Records for processing: Begin

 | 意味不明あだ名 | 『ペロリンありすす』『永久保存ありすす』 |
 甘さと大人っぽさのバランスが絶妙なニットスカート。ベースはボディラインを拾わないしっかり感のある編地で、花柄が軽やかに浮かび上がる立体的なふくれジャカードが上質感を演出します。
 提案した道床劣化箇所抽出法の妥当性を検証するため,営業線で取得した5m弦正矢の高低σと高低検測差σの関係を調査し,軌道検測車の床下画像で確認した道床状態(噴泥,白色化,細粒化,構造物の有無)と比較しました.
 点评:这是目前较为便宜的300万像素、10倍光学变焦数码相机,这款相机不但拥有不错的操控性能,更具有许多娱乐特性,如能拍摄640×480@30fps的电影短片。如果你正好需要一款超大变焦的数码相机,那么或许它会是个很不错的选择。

Records for processing: End
Records for processing: Begin

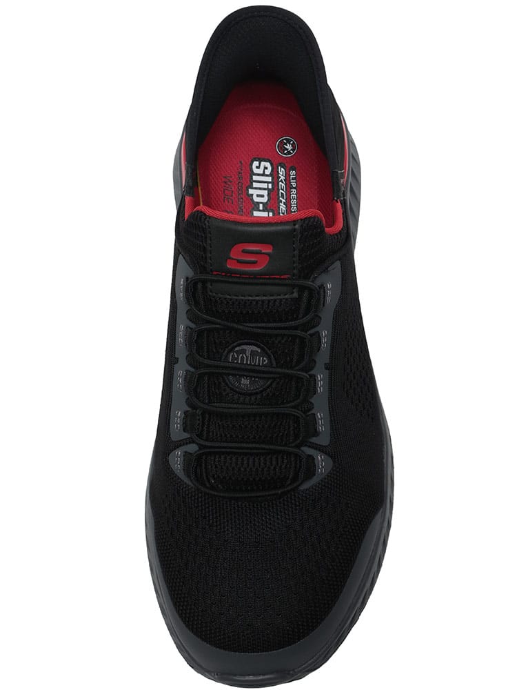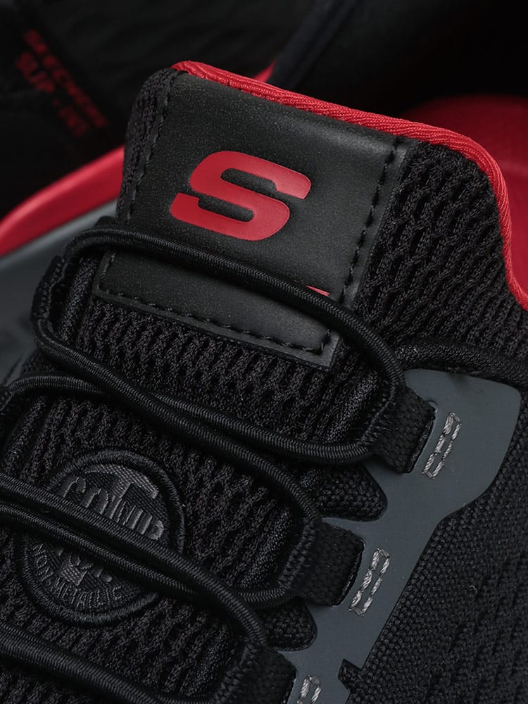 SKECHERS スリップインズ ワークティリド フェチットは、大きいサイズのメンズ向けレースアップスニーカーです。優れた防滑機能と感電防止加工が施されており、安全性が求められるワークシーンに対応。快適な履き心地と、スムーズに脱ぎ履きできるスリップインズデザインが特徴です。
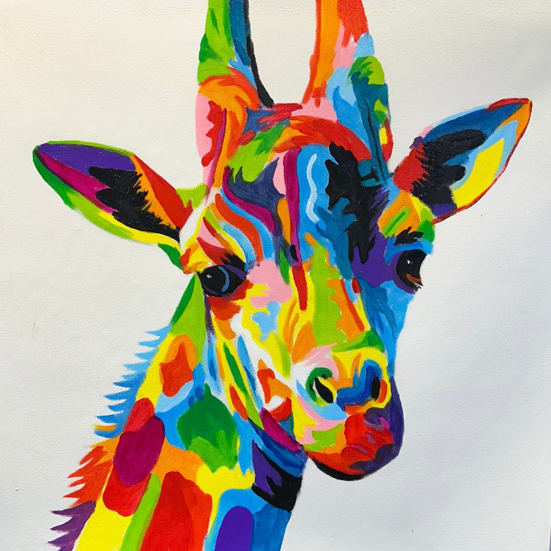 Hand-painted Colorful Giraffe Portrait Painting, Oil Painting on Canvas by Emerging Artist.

Records for processing: End

Task to complete
The entries above hold the needed span. Transcribe exactly the lines from the one with "意味不明あだ名 | 『ペロリンありすす』『永久保存ありすす』 |" to the one with "提案した道床劣化箇所抽出法の", both included.

Result of the task
 | 意味不明あだ名 | 『ペロリンありすす』『永久保存ありすす』 |
 甘さと大人っぽさのバランスが絶妙なニットスカート。ベースはボディラインを拾わないしっかり感のある編地で、花柄が軽やかに浮かび上がる立体的なふくれジャカードが上質感を演出します。
 提案した道床劣化箇所抽出法の妥当性を検証するため,営業線で取得した5m弦正矢の高低σと高低検測差σの関係を調査し,軌道検測車の床下画像で確認した道床状態(噴泥,白色化,細粒化,構造物の有無)と比較しました.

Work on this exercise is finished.